John Reynders, Los Alamos National Laboratory

In 1995, the National Science Foundation awarded a contract to a group of CRPC researchers and colleagues to study Problem Solving Environments (PSEs). PSEs are integrated collections of software tools that scientists can use to facilitate solving computationally intensive problems. (See Winter 1996 Parallel Computing Research, page 11.) Led by K. Mani Chandy of Caltech, the group includes collaborators from Los Alamos National Laboratory, Indiana University, Drexel University, and New Mexico State University. The project spans four related areas, one of which is the development of object-oriented libraries of parallel program templates to support PSEs. Following are descriptions of three efforts in this area that are currently underway at the Los Alamos National Laboratory (LANL) Advanced Computing Laboratory.

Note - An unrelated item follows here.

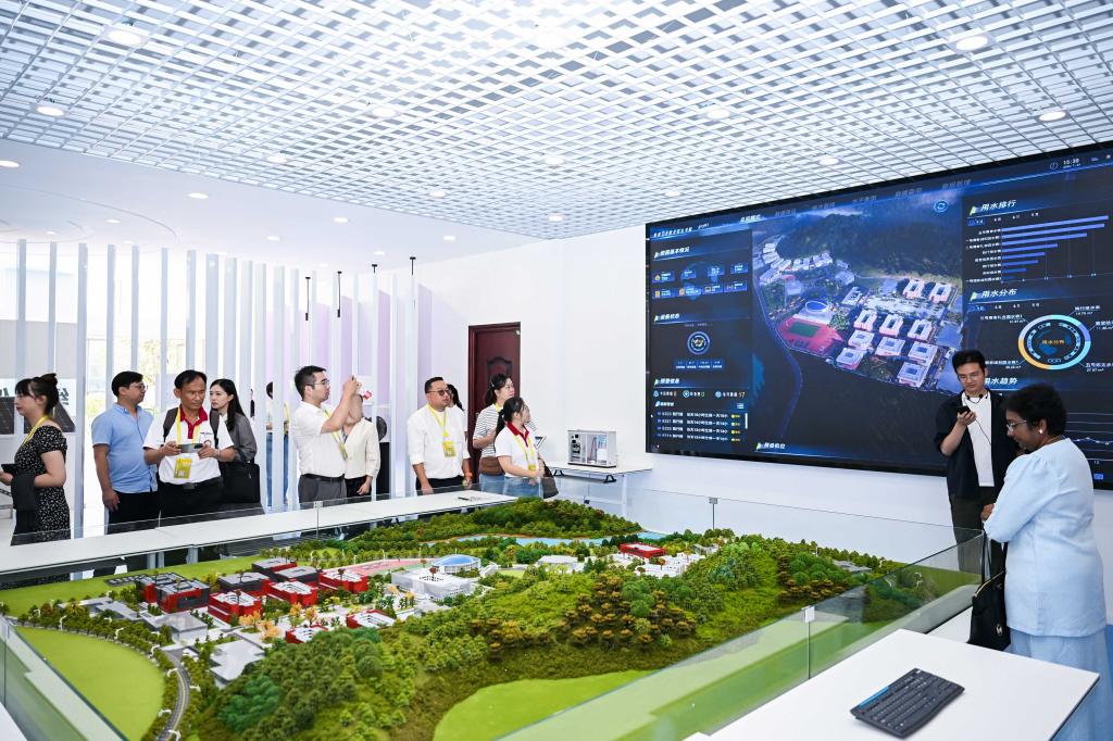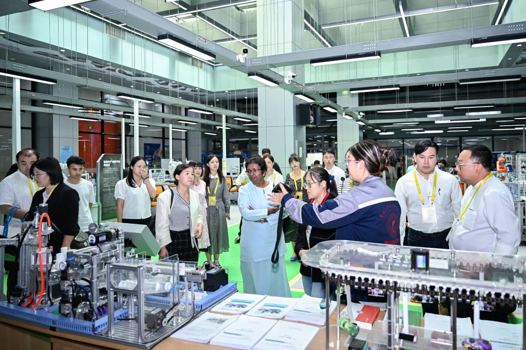 最后,嘉宾们重点参观了贵州工业职业技术学院的“贵州绿色低碳校园基地”。这里不仅是学院绿色低碳教育的实践平台,更是展示贵州乃至全国绿色低碳校园建设成果的重要窗口。通过实地参观,嘉宾们对绿色低碳校园建设有了更加直观、深刻的认识,纷纷表示将把贵州的经验与做法带回各自的国家与地区,共同推动全球绿色低碳校园建设事业的发展。

The Parallel Object-Oriented Methods and Applications (POOMA) FrameWork effort is an application-driven software infrastructure of layered class libraries designed to increase simulation lifetime, portability, and agility across rapidly evolving high-performance computing architectures. The POOMA FrameWork achieves these goals through:

  • Code portability across serial, distributed, and parallel architectures with no change to source code
  • The development of reusable, cross-problem-domain components to enable rapid application development
  • Code efficiency for kernels and components relevant to scientific simulation
  • Driving the FrameWork design and development with applications from a diverse set of scientific problem domains
  • Shortening the time from problem inception to working parallel simulations

The FrameWork provides an integrated layered system of objects in which each object higher in the FrameWork is composed of or uses objects that are lower in the FrameWork. In the case of the POOMA FrameWork, the higher layers provide objects that capture the main abstractions of scientific problem domains (particles, fields, matrices) in a representation of mathematical expressions preserved in the application source code. The interface to these high-level objects are mostly data parallel and array syntax structures that provide the application developer with a familiar programming environment. Many new users to the FrameWork are able to build simple working POOMA codes in a single day with no knowledge of C++.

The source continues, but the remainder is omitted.